### Problem details
Range to reproduce from the entries below: the line with "Makita DJN161Z ir", the line with "3.锅内烧油,油烧热以后倒入", and every line in between. Give them exactly and give nothing else.

[Dataset items]
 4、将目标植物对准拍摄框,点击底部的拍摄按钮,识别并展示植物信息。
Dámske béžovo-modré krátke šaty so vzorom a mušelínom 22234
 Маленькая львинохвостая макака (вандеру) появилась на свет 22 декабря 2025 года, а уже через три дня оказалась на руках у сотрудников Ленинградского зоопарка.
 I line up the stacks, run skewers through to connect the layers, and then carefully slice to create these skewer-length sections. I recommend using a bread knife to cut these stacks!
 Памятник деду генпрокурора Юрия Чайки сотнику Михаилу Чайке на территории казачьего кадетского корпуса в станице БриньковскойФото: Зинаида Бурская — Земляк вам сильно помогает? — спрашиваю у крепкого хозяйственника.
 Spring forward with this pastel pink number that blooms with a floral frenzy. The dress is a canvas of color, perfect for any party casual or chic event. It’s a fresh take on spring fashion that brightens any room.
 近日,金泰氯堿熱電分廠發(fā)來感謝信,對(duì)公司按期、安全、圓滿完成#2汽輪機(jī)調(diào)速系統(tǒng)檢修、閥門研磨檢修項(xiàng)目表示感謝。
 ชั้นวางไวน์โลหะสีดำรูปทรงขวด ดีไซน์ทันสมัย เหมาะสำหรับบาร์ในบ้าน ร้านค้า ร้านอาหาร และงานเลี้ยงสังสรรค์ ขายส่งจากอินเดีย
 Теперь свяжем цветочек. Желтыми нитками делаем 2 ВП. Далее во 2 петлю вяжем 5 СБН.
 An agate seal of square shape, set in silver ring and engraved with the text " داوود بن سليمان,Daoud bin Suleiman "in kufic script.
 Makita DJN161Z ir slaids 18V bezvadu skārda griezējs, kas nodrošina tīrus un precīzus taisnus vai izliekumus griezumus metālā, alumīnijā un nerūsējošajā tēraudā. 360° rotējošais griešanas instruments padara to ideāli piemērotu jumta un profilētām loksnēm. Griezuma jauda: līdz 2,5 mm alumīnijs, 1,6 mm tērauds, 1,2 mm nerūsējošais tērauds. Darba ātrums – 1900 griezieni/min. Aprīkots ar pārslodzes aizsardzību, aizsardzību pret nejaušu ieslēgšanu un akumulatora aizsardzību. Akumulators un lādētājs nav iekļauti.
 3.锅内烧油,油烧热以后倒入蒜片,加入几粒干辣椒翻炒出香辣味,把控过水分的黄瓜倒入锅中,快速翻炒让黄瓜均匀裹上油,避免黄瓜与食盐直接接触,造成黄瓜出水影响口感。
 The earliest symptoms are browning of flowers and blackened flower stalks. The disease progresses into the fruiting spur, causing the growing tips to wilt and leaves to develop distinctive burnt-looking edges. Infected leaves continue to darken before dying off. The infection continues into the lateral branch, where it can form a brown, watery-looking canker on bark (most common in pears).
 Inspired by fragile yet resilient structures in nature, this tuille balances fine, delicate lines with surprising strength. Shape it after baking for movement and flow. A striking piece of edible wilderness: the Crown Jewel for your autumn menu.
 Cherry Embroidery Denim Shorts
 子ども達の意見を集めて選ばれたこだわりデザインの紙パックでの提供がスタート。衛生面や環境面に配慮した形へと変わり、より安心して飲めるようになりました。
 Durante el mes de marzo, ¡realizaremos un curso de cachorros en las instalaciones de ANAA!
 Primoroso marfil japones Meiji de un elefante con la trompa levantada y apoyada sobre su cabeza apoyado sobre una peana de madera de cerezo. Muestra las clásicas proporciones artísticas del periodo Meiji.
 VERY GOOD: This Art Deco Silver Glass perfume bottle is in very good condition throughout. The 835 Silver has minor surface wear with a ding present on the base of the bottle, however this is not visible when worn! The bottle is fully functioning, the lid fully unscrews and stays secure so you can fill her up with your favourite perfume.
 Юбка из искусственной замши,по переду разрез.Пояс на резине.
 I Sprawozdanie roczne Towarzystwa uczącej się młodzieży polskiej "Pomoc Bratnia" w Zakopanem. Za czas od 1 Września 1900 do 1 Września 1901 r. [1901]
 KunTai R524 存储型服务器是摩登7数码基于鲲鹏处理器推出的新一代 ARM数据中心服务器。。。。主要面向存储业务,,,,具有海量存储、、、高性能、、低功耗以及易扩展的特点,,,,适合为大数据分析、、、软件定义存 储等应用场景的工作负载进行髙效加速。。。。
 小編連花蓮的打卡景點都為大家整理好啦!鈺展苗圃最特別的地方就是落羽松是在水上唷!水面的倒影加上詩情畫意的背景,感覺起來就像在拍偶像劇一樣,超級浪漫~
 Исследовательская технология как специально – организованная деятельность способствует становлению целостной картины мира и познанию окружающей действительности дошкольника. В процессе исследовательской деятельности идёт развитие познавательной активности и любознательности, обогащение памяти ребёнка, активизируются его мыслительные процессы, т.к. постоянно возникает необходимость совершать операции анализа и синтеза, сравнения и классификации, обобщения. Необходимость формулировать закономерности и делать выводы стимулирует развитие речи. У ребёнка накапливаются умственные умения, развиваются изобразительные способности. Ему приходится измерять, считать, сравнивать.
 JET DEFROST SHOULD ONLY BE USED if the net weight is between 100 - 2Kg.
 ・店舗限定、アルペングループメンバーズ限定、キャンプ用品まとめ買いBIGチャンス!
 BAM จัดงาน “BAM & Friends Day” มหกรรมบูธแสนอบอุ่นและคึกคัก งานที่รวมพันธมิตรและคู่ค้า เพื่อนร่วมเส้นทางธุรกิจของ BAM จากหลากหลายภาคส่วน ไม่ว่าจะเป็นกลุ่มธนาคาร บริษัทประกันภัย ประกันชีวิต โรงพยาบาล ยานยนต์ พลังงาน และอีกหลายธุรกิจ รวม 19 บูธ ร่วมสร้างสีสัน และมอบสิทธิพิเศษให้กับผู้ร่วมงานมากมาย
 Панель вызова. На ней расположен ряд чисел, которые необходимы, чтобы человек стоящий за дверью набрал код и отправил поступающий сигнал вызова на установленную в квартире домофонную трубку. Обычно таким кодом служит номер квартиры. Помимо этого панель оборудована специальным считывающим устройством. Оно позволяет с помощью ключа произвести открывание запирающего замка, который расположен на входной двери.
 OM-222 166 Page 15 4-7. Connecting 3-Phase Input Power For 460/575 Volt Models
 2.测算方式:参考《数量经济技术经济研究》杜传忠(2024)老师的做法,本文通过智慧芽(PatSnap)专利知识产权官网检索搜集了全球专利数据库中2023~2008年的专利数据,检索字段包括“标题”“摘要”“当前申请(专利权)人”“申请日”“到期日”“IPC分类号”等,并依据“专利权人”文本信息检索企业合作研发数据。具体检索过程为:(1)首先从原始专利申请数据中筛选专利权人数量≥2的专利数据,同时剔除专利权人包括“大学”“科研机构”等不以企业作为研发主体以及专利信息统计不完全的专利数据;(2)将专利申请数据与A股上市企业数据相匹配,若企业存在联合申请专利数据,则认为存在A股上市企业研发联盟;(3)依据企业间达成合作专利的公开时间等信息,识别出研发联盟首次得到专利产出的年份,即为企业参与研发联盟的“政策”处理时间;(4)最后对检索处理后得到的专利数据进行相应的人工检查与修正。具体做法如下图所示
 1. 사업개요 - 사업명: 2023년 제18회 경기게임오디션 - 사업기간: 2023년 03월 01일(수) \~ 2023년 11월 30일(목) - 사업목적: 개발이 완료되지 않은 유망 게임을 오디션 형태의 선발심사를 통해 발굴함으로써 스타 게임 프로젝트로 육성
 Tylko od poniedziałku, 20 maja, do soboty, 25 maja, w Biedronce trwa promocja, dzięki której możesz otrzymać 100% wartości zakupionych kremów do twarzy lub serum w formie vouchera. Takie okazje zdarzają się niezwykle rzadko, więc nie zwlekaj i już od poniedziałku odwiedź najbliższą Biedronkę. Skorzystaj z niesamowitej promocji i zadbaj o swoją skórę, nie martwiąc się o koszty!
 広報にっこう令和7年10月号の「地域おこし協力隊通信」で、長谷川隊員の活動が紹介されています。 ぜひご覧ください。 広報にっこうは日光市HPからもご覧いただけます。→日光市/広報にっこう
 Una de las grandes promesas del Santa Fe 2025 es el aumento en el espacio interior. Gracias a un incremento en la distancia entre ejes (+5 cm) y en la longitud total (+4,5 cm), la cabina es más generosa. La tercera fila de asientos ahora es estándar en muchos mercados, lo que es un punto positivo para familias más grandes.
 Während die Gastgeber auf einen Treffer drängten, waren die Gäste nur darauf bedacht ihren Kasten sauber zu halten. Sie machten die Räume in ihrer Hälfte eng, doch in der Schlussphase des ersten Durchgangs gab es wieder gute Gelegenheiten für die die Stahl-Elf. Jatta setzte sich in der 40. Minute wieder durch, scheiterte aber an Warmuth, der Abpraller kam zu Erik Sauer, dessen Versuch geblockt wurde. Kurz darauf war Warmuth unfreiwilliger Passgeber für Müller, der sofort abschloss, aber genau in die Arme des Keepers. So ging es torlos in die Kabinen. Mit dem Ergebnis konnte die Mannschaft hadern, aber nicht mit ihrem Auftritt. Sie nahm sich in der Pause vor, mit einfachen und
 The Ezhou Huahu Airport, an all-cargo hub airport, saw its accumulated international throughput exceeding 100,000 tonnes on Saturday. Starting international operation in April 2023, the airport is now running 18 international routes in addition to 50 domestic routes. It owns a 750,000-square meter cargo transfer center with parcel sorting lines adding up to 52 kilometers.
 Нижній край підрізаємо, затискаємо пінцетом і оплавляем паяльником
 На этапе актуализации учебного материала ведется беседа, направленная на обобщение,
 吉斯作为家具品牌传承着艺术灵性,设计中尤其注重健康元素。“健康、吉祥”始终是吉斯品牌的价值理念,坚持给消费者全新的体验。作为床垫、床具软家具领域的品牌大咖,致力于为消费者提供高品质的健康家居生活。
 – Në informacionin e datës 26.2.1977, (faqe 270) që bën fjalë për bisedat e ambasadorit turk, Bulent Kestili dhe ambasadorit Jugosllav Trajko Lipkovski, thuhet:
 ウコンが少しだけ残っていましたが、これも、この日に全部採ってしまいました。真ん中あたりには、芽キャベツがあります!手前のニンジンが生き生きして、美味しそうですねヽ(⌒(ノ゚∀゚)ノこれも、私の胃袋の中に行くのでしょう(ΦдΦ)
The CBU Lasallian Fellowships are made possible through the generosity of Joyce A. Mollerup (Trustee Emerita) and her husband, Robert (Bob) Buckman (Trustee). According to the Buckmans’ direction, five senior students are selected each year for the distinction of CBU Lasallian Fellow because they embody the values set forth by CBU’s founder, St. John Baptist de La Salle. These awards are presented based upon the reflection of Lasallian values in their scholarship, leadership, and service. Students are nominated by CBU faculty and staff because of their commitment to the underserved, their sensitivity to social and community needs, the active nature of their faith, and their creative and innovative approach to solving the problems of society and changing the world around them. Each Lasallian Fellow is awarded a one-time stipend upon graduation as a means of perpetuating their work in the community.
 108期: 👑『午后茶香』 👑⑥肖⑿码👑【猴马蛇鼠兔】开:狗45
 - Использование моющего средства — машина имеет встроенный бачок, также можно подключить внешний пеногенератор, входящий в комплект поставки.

### Response to the task
 Makita DJN161Z ir slaids 18V bezvadu skārda griezējs, kas nodrošina tīrus un precīzus taisnus vai izliekumus griezumus metālā, alumīnijā un nerūsējošajā tēraudā. 360° rotējošais griešanas instruments padara to ideāli piemērotu jumta un profilētām loksnēm. Griezuma jauda: līdz 2,5 mm alumīnijs, 1,6 mm tērauds, 1,2 mm nerūsējošais tērauds. Darba ātrums – 1900 griezieni/min. Aprīkots ar pārslodzes aizsardzību, aizsardzību pret nejaušu ieslēgšanu un akumulatora aizsardzību. Akumulators un lādētājs nav iekļauti.
 3.锅内烧油,油烧热以后倒入蒜片,加入几粒干辣椒翻炒出香辣味,把控过水分的黄瓜倒入锅中,快速翻炒让黄瓜均匀裹上油,避免黄瓜与食盐直接接触,造成黄瓜出水影响口感。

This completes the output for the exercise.